Posted December 26, 2007
A friend who knows a lot about how and why the criminal justice system works in the United States put it into context for a group of folks a few weeks ago. Paul says we assume that prison conditions are bad, the issue is the number of people who will be subjected to them. Mass incarceration has been the most thoroughly implemented social experiment of the modern American era, made more effective because there is no centralized plan. And there’s no natural force to stop or contain it.
Hundreds of thousands of people much like you and me, like the people we stand next to in line at the market, or chat with in waiting rooms, are locked up today because they don’t fit in to post-industrial capitalism.

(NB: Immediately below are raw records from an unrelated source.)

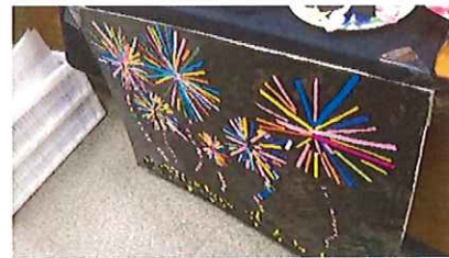
作品展示の様子（写真3枚：左…地域活動支援センター利用者共同作品 クリスマスツリーと雪だるまの壁画、中央…生活介護利用者作品 ハロウィンのリース、右…生活介護利用者共同作品 花火の壁画）
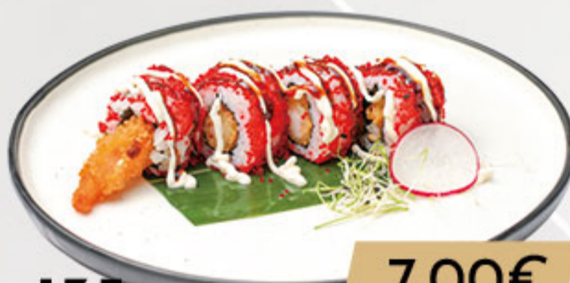
135. 7.00€ DRAGÓN ROJO (8U)
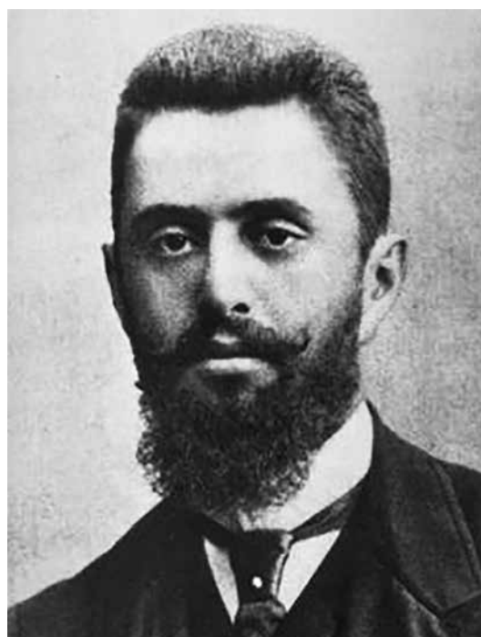
Theodor Herzl (1860-1904) foto fra ca. 1890

Rabbinernes modstand blev endnu tydeligere, da Herzl planlagde at afholde sin første zionistkongres i München i sommeren 1897. Rabbinerne afviste ligesom Israelitische Kultusgemeinde München et sådant møde, idet de dermed så en undergravning af de messianske planer, ifølge hvilke kun Messias kan genskabe jødestaten, og fordi de endvidere så deres status som tyske statsborgere af jødisk tro truet. De frygtede, at de ville give antisemitterne ammunition mod en dobbelt loyalitet. Wienerkritikeren Karl Kraus formulerede
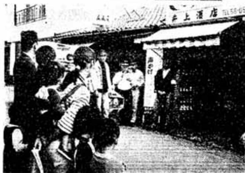
……防犯広報する推進委員たち……

昭和50年 国勢調査速報 春日市の人口(概数) 総人口 55、160人 男 27、697人 女 27、463人 世帯数 17、536世帯
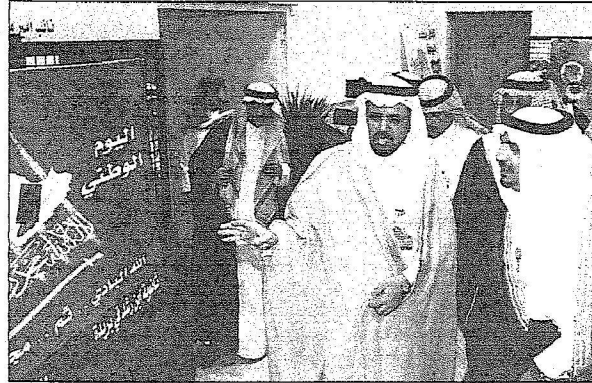
سموه يطلع على المعرض الوطني
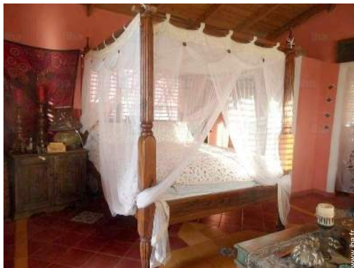
chambre du propriétaire
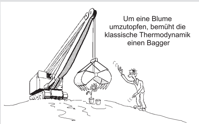
Um eine Blume umzutopfen, bemüht die klassische Thermodynamik einen Bagger
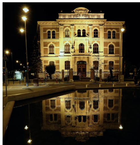
A BME Czigler Győző által tervezett, épített CH épülete (Készítette Thaler Tamás)

A gyászszertartást a Műegyetem általa tervezett CH épületében (alábbi kép) tartották délután 3-kor. Innen indult a temetési menet a Kerepesi úti sírkertbe [3.1].
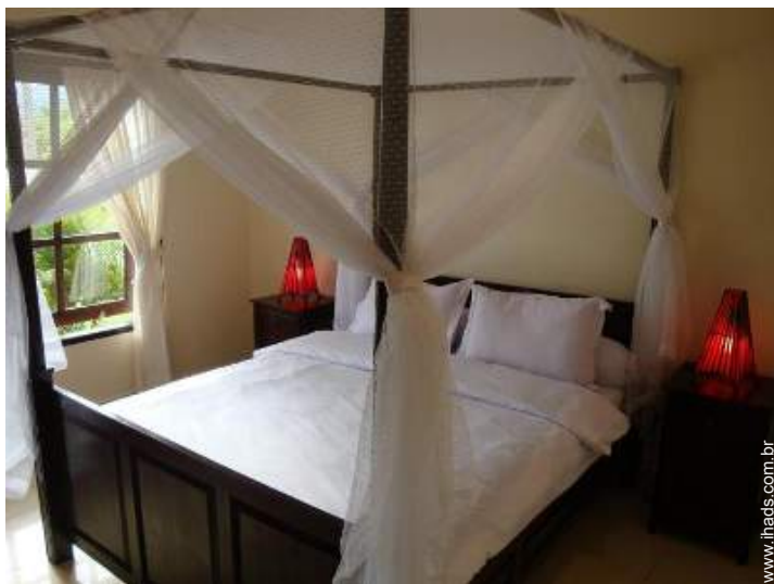
cama(s) de casal com dossel
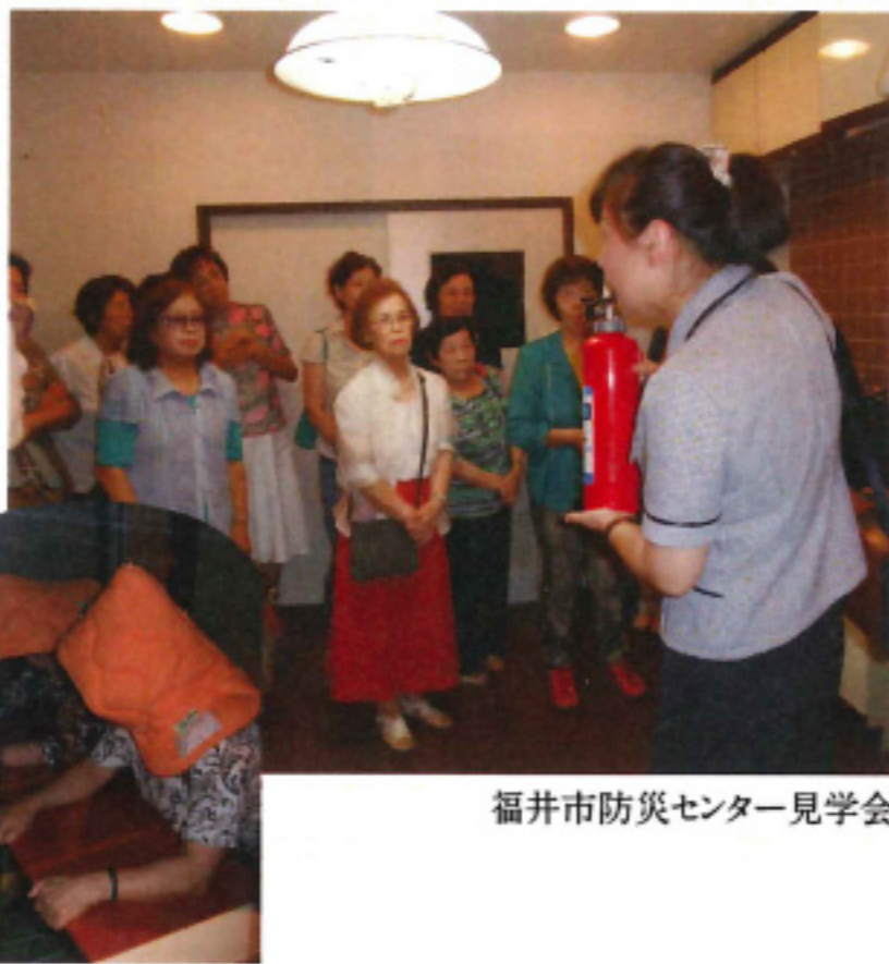
福井市防災センター見学会
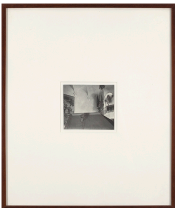
Alejandro Garmendia Izenbururik gabea 1995 Fotomuntaketa 57 x 48 cm (22 x 19 pulgadas)
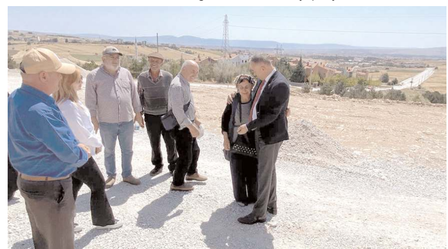
Milletvekili Mehmet Tahtasız, vatandaşların sorunlarını dinledi.

olsaydı burada 100 değil, 400 kişi çalışırdı ve konutlar da söz verildiği tarihte biterdi” dedi.
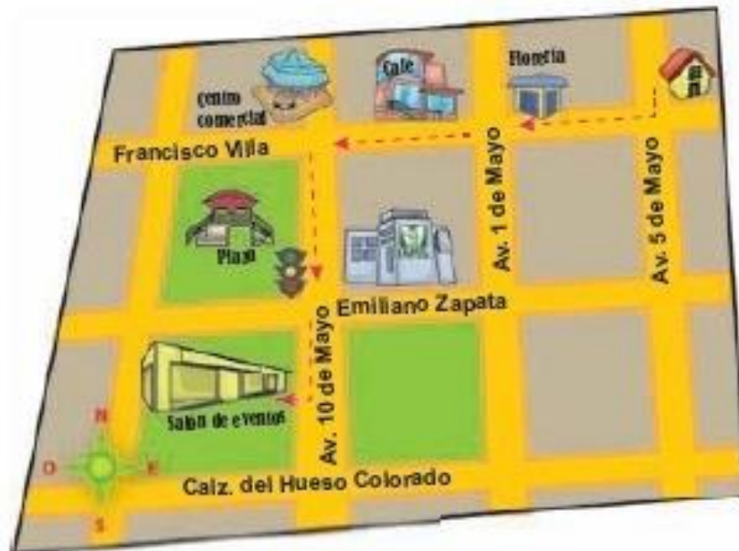
Croquis de Felipe
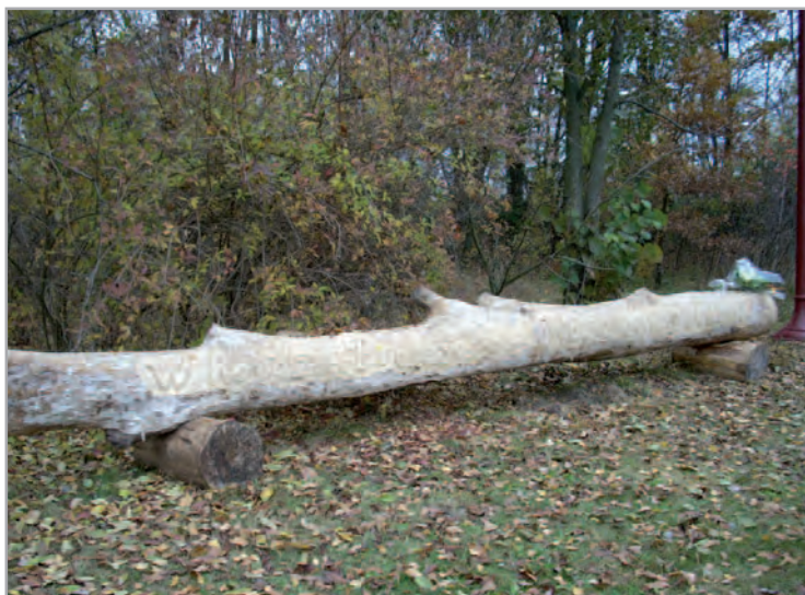
Napis przy pomniku Leszka Kołakowskiego w Petrykozach, 23 października 2007.
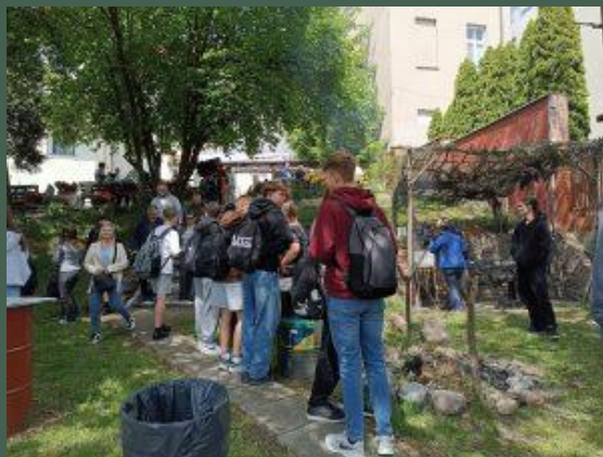
„Kwiatek dla biblioteki” (05.2025)

Skonsultowano listę zakupów z czytelnikami w celu określenia ich oczekiwań w zakresie nowych pozycji książkowych. Udział uczniów naszej szkoły w imprezach zorganizowanych przez Chełmżyński Dom Kultury oraz PiMBP.
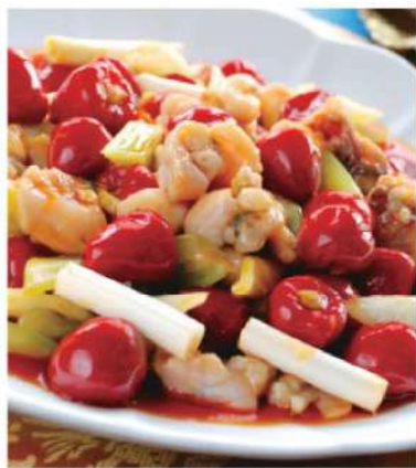
404A 泡椒田鸡 RM 58 /份 PaoJiao Pork
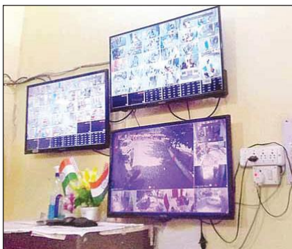
सीएमएस कार्यालय में लगी कैमरे की स्क्रीन।

शनिवार को जिला अस्पताल में करीब दस बजे तीन डॉक्टर ओपीडी में नहीं थे। कैमरों में उनकी कुर्सी खाली पड़ी थी। ओपीडी के बाहर मरीजों की
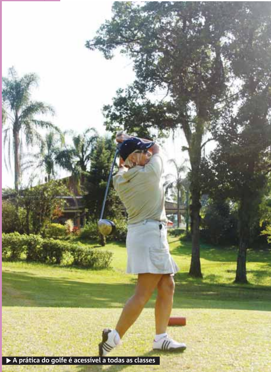
► A prática do golfe é acessível a todas as classes
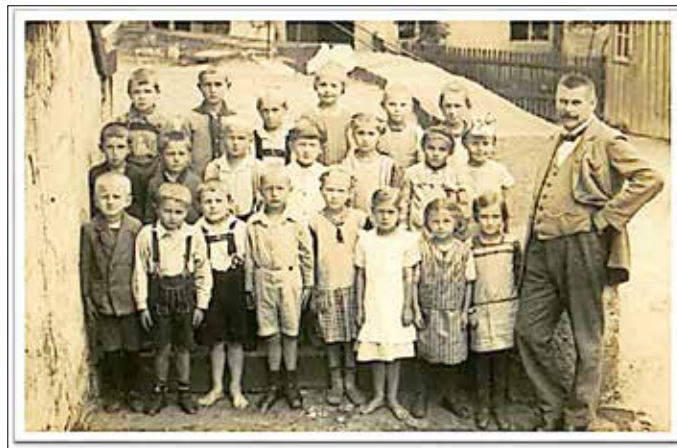
Auf dem Bild zu sehen - eine Schulklasse vor dem Treppenaufgang der Kirche in Crostau.

Im Hintergrund ist die „Alte Schule“ zu erkennen, welche im Jahr 1846 erbaut wurde und im Erdgeschoss zwei Klassenzimmer enthielt. Im Obergeschoss befanden sich, wie damals üblich, die Lehrer- und Kantorwohnungen. Aber bereits im Jahr 1879 wurde diese Schule zu klein und wurde durch einen Neubau an der Straße nach Callenberg im Jahr 1888 erweitert. Zwanzig Jahre später war die Schule in Crostau bereits achtklassig und das Schulgeld betrug fünf Mark jährlich. Zu dieser Zeit besuchten die meisten Kinder ab dem 5. bis zum 13. Lebensjahr die Schule. Die Fotografie entstand allem Anschein nach zwischen 1910 – 1919. Aufzeichnungen zufolge wurde in diesem Zeitraum der vermutlich hier abgebildete Kantor Paul Robert Häbold als 1. Kirchschullehrer eingesetzt. Die Schulen unterstanden bis zum Jahr 1919 der Kirche und das Lehramt war oftmals mit dem Kantoramt verbunden.
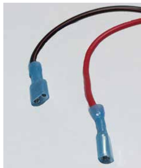
Kablerne ved transponderen skal være tilpas lange, så de ikke "trækker" i enheden og forsynes med kabelsko af typen med isolering på hele stikket

På youtube.com kan du finde flere videoer, søg på "balise chronopist" eller kik på chronopist.com (hjemmeside på fransk)
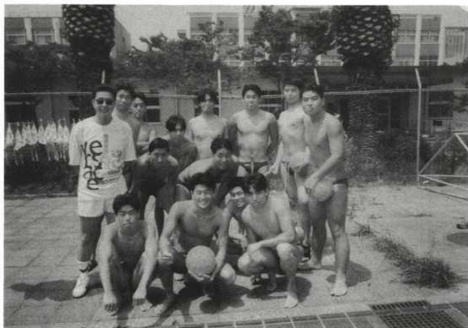
平成8年度 シーズン終了時記念写真 大阪市立大学にて
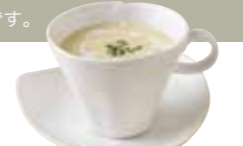
冷製コーンスープ ¥380
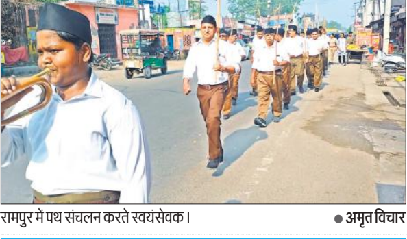
रामपुर में पथ संचलन करते स्वयंसेवक ।
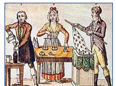
Grabado de 1793 que ilustra el litro, el gramo y el metro.
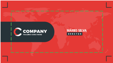
Página 01 (Frente)

Artes para cartões de visita 4x0 devem conter apenas 1 página com a arte para impressão da frente.
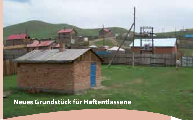
Neues Grundstück für Haftentlassene
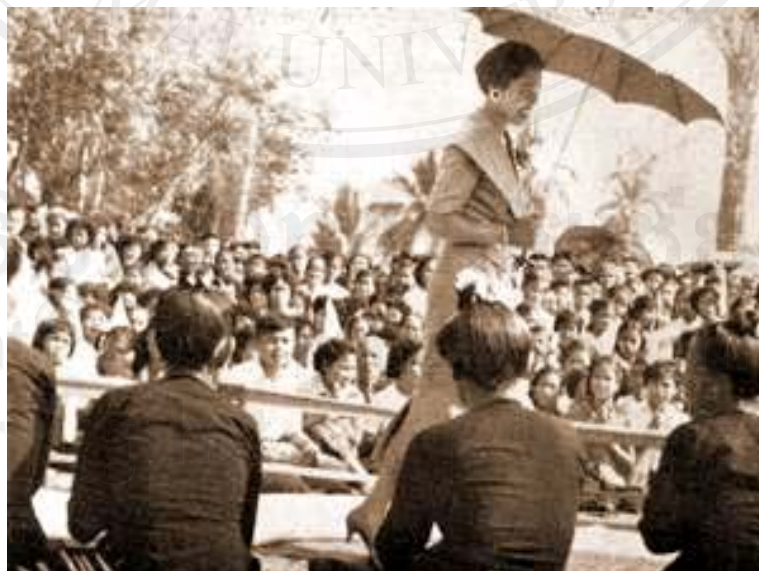
รูป ๒.๕ แสดงการแต่งกายการใส่เสื้อสี่ของชาวไทย-ชนวนลับแล

ผู้หญิงชาวไทย-ชนวนลับแลจะไม่นิยมสวมเสื้อนุ่ง แต่จะใช้ผ้ามัดนมหรืออกแทน ยกเว้นว่าต้องไปงานพิเศษหรืองานสำคัญ ก็จะใส่เสื้อ “สี่” ลักษณะคล้ายเสื้อแขนกระบอกในปัจจุบันแต่มีสามตะเข็บ ชาวบ้านเรียกว่า “เสื้อสามตุ๊ก” คือ ตะเข็บด้านซ้าย ขวา ยาวจากสุดปลายแขนเสื้อเรื่อยมาจนถึงสุดชายเสื้อด้านล่าง และด้านหลัง ตั้งแต่คอเสื้อเรื่อยมาจนถึงชายเสื้อด้านล่าง ทอด้วยด้ายสีสี่ (สีเขียวเหลืองดำ) ทิดกระดุมเงิน โดยรอบแนวสาบเสื้อจนมาถึงชายเสื้อด้านหน้าซึ่งถ้าใครมีฐานะดีก็จะทิดกระดุมมาก นอกจากจะใช้เสื้อสี่แล้วบางคนอาจใช้เสื้อสีดำหรือสีครามก็ได้ดังที่ www.nn.nstda.or.th/king/image/tour/P314.jpg (ระบบออนไลน์ : ๒๗ กันยายน ๒๕๕๒) เสนอรูปผู้หญิงชาวลับแล ดังรูป ๒.๕ แสดงรูปผู้หญิงชาวไทย-ชนวนลับแลรวมกันไปรับเสด็จสมเด็จพระนางเจ้าฯ พระบรมราชินีนาถ เมื่อคราวพระองค์เสด็จประพาสเมืองลับแล เมื่อปี พ.ศ. ๒๕๑๕
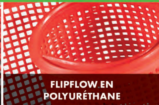
FLIPFLOW EN POLYURÉTHANE
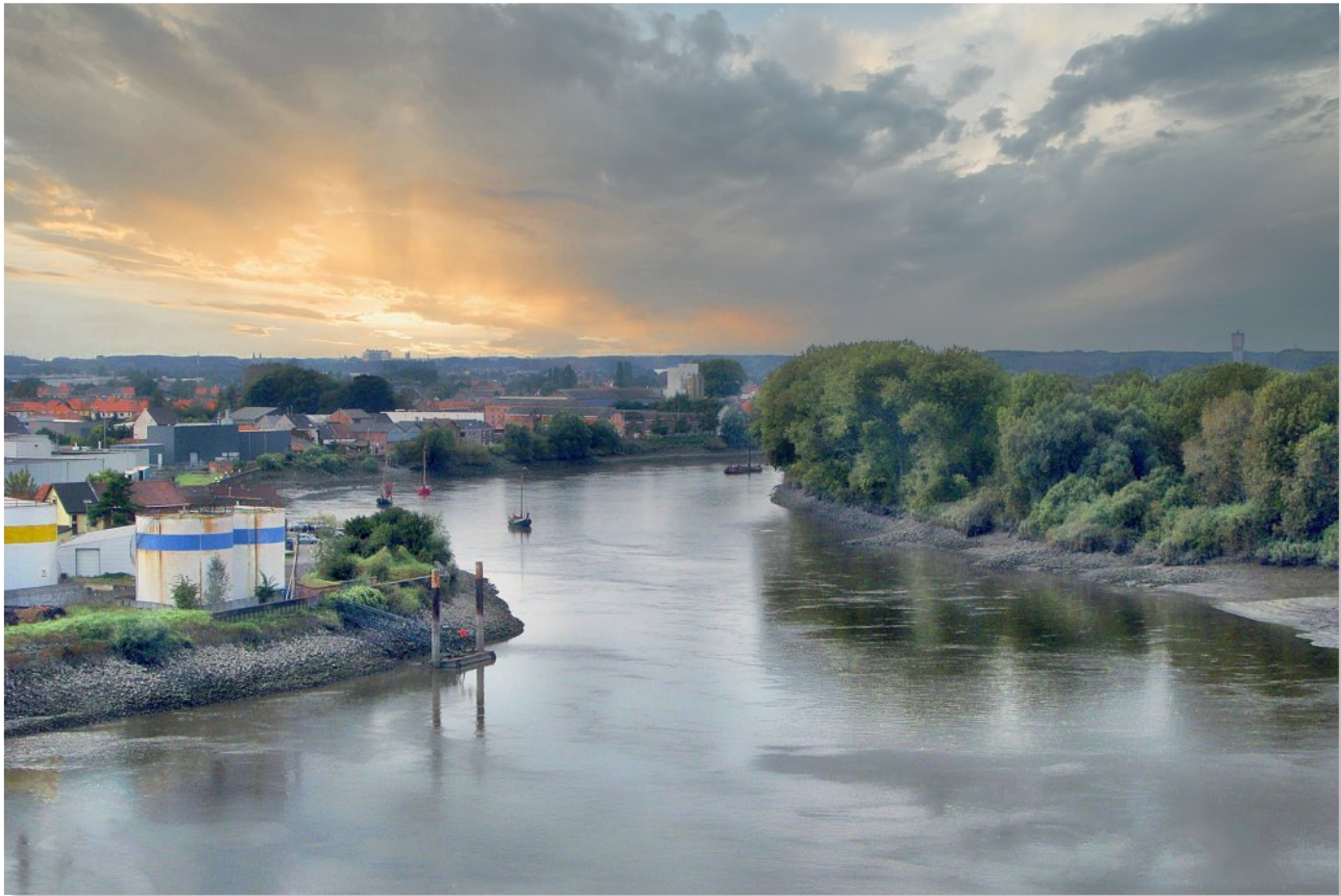
Zicht op de schelde Baasrode
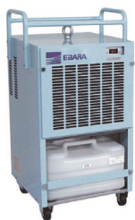
100V 除湿機 DW02
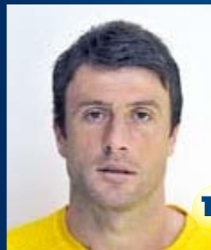
Полузащитник Страна: Хорватия Дата рождения: 01.08.81 г. Рост: 181 см Вес: 75 кг

And because they are in the part of the working class — they are black or brown — that needs social controlling, from capitalism’s point of view.
Paul identifies three specific legal dynamics at work — expansion of crime definitions, lengthening of sentences, and tightening of parole requirements. The result is Death by Incarceration for literally tens of thousands of young African American (and increasingly Latino) men. Alternative “reforms” like boot camps, which were sold as ways to keep youthful first offenders out of prison, instead confined kids whose violations would formerly have earned them parole.
This massive expansion of incarceration can only be addressed through sentence reform, in Paul’s view, and he knows that any such attempt is dead on arrival, even though he believes there is a basis for a bipartisan criminal justice policy. He thinks the third of us who are opposed to the death penalty, the two-thirds who are opposed to criminalization of marijuana, and the majority who recognize that racial disparities are apparent, egregious, and abhorrent add up to a bipartisan perspective that is nowhere reflected in public policy.
As hard-bitten as his own prison experiences have made Paul, I think his analysis misses how fundamentally powerful mass incarceration has been in shaping political dynamics in this country. Think of the hundreds of thousands of African American men (and women) removed from community life. From family life. From civic life.
The divide between your own vision of how society should be and the decisions that produce war and mortgage defaults and crippling credit policies is most likely a gaping chasm — think how much more power our voices would have if so many of them were not locked up.